03 mayo, 2018

Innovar


Tengo la impresión de que cada vez cuesta más definir términos, sacarlos de la banalización que un uso indiscriminado les impone. Y me parece que muchas discusiones no son más que disputas sobre palabras, logomaquias, como algunos eruditos dicen. Me pasa últimamente con el término “innovación” referido al ámbito educativo.

Innovar es transformar algo introduciendo alguna novedad, o encontrar una nueva forma de hacer las cosas. Es algo esencialmente raro, poco frecuente. ¿Cuántas personas son realmente capaces de encontrar algo nuevo y transformar con ello su quehacer? Pocas, muy pocas. Yo llevo casi treinta años en la docencia y aún no he tenido la dicha de decir: “mira, esto es realmente nuevo y eficaz”. Tal vez he tenido mala suerte, porque en las redes no pasa un día sin que motejen de innovadores a diestro y siniestro a un sinnúmero de docentes.

Tal vez es que yo restrinja demasiado el concepto de “innovación”. Ya sabemos, para los clásicos nihil novum. No sé qué podría ser innovador en educación. Ni siquiera sé si se necesita una innovación. Es como la rueda: ya está inventada; innovar haciéndola cuadrada, por ejemplo, no parece muy sensato. Y en educación me temo que a menudo innovamos cuadrando la rueda.

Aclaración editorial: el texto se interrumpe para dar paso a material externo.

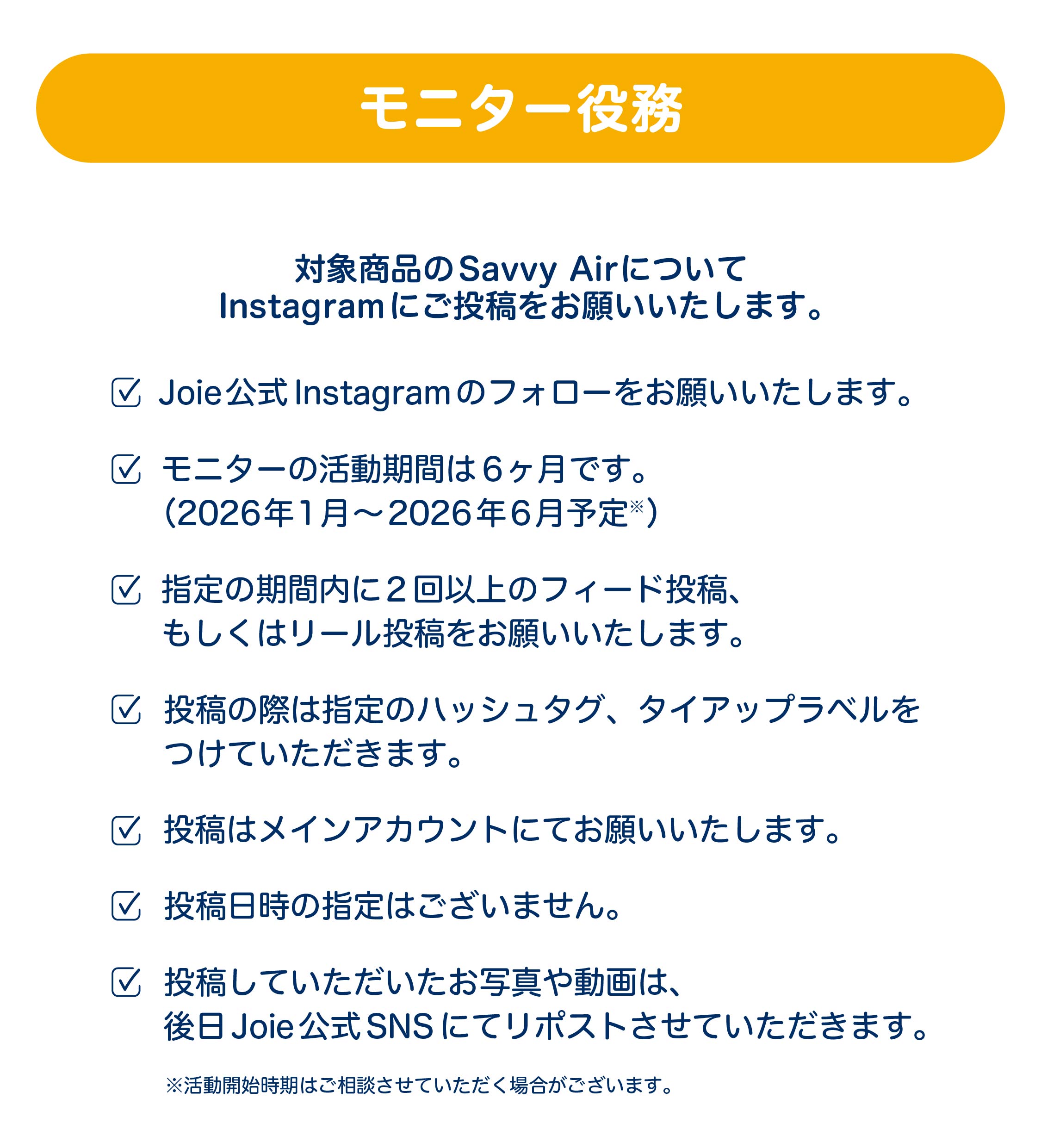Joie公式インスタグラムにて『Savvy Airモニター募集キャンペーン 第2弾』を開催します!

Adaptarse a los tiempos y a los alumnos no creo que sea innovar. Yo no soy innovador por usar la lavadora en lugar de hacer la colada a mano. Sería innovador si con esa lavadora soy capaz de, además de lavar la ropa, conseguir otros beneficios, por ejemplo, que la ropa salga planchada. Estaría consiguiendo algo nuevo, que además es objetivamente una mejora. Claro que si llamamos innovación al detergente o suavizante que utilizamos, pues todos podemos innovar: no habría mérito alguno.

Insisto: quizá mi concepto de innovación sea demasiado estrecho, pero aún no veo las mejoras objetivas que todas esas innovaciones que hoy pretenden vendernos han traído a la educación. Y sin mejora, no hay innovación educativa.